So taking $U=SpecA$ affine, $X=U \rightarrow U$ the identity and $V=SpecB \rightarrow U$ a faithfully flat morphism (hence an fpqc covering of $U$), we should have an exact sequence

$0 \rightarrow Hom_{O_U}(\xi,\eta)\rightarrow Hom_{O_V}(\xi|_V,\eta|_V) \rightarrow Hom_{O_{V \times V}}(\xi|_{V \times _U V},\eta|_{V \times _U V})\rightarrow0$

where the second nonzero map is given by the difference between the pullbacks along the two projections.

Ok, so with all this fancy FGA stuff established, my question is actually pretty goofy and basic. Since everything above is affine, we can replace all the schemes by rings and all the sheaves by modules to obtain:

$0 \rightarrow Hom_{A}(M,N)\rightarrow Hom_{B}(M\otimes_A B,N\otimes_A B)$ $\rightarrow Hom_{B \otimes_A B}(M\otimes_A B\otimes_A B,N\otimes_A B\otimes_A B)\rightarrow0$

My question is: what exactly is the second nonzero map in simple terms?

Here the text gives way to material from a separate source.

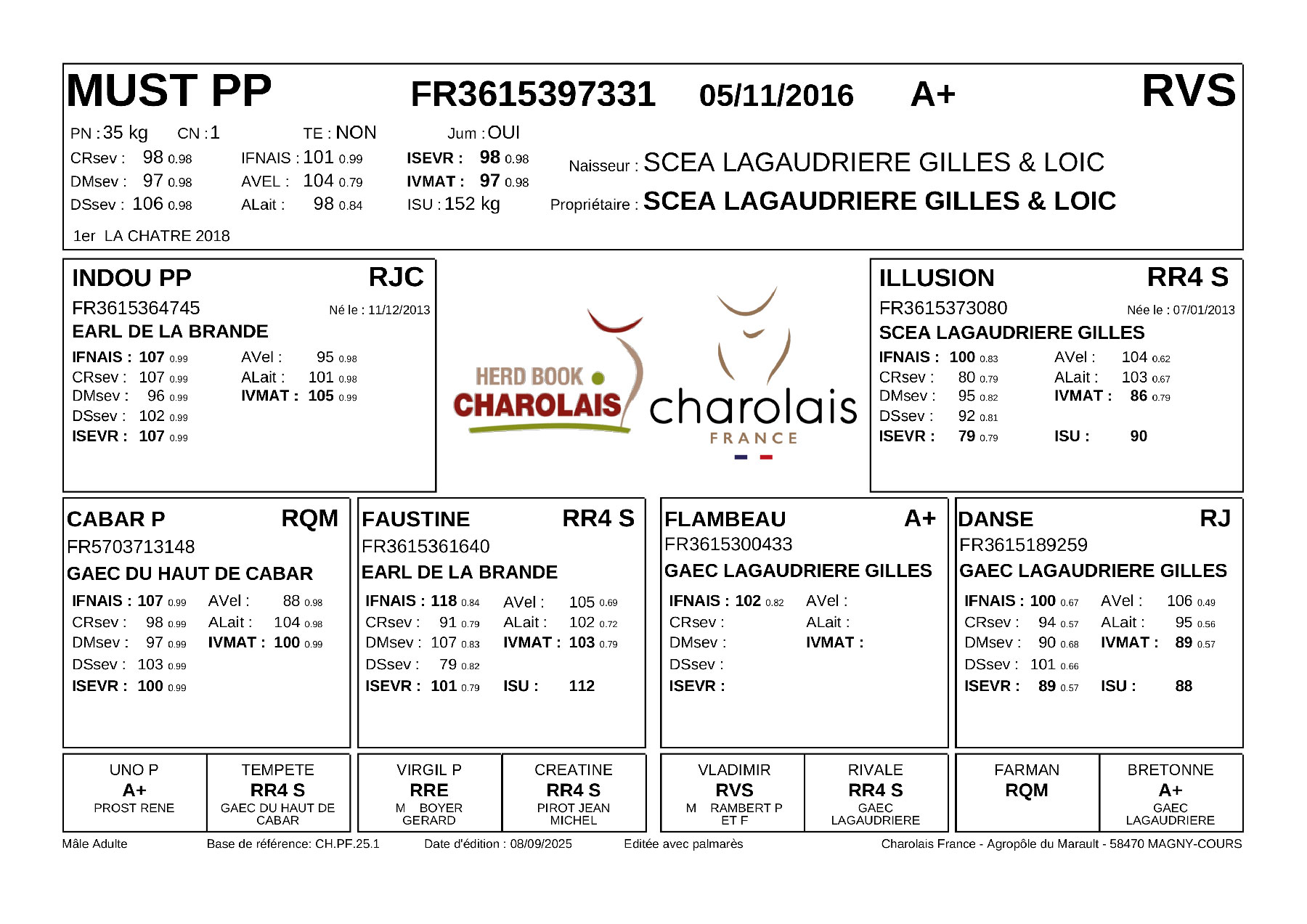 Vous êtes de plus en plus nombreux, en France et à l’étranger, à nous demander des animaux génétiquement Sans-Corne de qualité, nous collaborons donc avec la SCEA Lagaudrière Gilles et Loïc dans l’Indre pour vous proposer à l’insémination une de leurs dernières créations homozygotes pour ce caractère : MUST PP.

For example, if $\phi \in Hom_{B}(M\otimes_A B,N\otimes_A B)$ and $\psi$ is its image in $Hom_{B \otimes_A B}(M\otimes_A B\otimes_A B,N\otimes_A B\otimes_A B)$, can you give me a formula for $\psi(m\otimes b \otimes b')$ in terms of $\phi$ and the letters given. Because the way I'm interpreting the second map, it's always zero, which I'm pretty sure is wrong.

EDIT: Vistoli's section of FGA Explained is available here: http://arxiv.org/abs/math/0412512.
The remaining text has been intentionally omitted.